** INFORMATION PROVIDED follows **
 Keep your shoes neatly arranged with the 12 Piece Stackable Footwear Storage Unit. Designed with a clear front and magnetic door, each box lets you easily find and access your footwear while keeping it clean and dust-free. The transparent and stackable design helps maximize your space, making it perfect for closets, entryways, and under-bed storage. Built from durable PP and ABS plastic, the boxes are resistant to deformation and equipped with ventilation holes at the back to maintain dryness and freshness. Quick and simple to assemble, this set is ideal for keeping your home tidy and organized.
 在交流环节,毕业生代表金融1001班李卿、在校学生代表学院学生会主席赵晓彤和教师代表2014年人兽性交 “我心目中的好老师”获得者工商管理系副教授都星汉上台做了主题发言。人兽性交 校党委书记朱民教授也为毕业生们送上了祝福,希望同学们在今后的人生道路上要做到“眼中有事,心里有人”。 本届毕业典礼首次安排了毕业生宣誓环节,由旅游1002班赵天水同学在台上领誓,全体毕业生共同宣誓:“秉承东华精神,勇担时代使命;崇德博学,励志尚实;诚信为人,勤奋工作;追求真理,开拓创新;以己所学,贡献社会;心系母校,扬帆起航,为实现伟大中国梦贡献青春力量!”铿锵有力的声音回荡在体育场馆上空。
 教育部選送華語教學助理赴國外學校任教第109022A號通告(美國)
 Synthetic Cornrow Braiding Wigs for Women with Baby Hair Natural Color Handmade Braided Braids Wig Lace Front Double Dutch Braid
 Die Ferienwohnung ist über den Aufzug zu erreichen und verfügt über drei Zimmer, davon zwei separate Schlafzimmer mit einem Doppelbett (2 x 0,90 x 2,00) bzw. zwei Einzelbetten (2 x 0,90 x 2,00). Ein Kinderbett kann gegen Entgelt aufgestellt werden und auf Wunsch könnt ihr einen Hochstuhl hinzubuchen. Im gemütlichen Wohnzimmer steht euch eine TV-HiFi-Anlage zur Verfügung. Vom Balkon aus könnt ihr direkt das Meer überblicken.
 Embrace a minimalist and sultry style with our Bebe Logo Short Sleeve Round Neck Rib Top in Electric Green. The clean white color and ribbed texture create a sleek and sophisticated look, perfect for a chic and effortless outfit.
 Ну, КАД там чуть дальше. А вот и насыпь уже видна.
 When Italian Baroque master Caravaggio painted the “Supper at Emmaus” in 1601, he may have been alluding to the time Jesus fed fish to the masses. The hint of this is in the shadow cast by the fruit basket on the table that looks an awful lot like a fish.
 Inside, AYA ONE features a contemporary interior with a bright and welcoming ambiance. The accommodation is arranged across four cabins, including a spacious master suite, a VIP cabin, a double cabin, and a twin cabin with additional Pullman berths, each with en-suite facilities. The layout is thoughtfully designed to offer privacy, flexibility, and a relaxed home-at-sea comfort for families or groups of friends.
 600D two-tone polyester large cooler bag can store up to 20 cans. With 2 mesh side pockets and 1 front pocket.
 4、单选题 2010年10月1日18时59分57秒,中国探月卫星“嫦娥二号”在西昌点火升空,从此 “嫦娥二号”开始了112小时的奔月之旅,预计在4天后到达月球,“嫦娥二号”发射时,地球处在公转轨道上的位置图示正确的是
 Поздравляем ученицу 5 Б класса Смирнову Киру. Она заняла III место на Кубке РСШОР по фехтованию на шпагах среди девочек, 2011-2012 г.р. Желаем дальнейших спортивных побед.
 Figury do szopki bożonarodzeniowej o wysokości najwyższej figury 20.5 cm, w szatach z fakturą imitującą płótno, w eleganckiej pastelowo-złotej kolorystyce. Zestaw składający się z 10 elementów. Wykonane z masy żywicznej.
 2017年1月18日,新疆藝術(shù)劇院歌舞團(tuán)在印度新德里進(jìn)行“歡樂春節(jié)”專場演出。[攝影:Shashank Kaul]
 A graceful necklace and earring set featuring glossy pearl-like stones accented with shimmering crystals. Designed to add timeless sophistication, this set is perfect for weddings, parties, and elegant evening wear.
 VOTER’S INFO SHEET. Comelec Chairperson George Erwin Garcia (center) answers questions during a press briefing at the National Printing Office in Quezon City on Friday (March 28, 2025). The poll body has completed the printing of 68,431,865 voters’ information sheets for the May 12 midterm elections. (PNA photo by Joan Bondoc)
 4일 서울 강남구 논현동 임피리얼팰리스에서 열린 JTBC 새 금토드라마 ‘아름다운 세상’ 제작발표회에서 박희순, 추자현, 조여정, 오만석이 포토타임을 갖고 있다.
** End of INFORMATION PROVIDED **
_TASK DIRECTIONS:_ All lines of the material that contain the word "this" should be listed.

_COMPLETED EXERCISE:_
 Keep your shoes neatly arranged with the 12 Piece Stackable Footwear Storage Unit. Designed with a clear front and magnetic door, each box lets you easily find and access your footwear while keeping it clean and dust-free. The transparent and stackable design helps maximize your space, making it perfect for closets, entryways, and under-bed storage. Built from durable PP and ABS plastic, the boxes are resistant to deformation and equipped with ventilation holes at the back to maintain dryness and freshness. Quick and simple to assemble, this set is ideal for keeping your home tidy and organized.
 When Italian Baroque master Caravaggio painted the “Supper at Emmaus” in 1601, he may have been alluding to the time Jesus fed fish to the masses. The hint of this is in the shadow cast by the fruit basket on the table that looks an awful lot like a fish.
 A graceful necklace and earring set featuring glossy pearl-like stones accented with shimmering crystals. Designed to add timeless sophistication, this set is perfect for weddings, parties, and elegant evening wear.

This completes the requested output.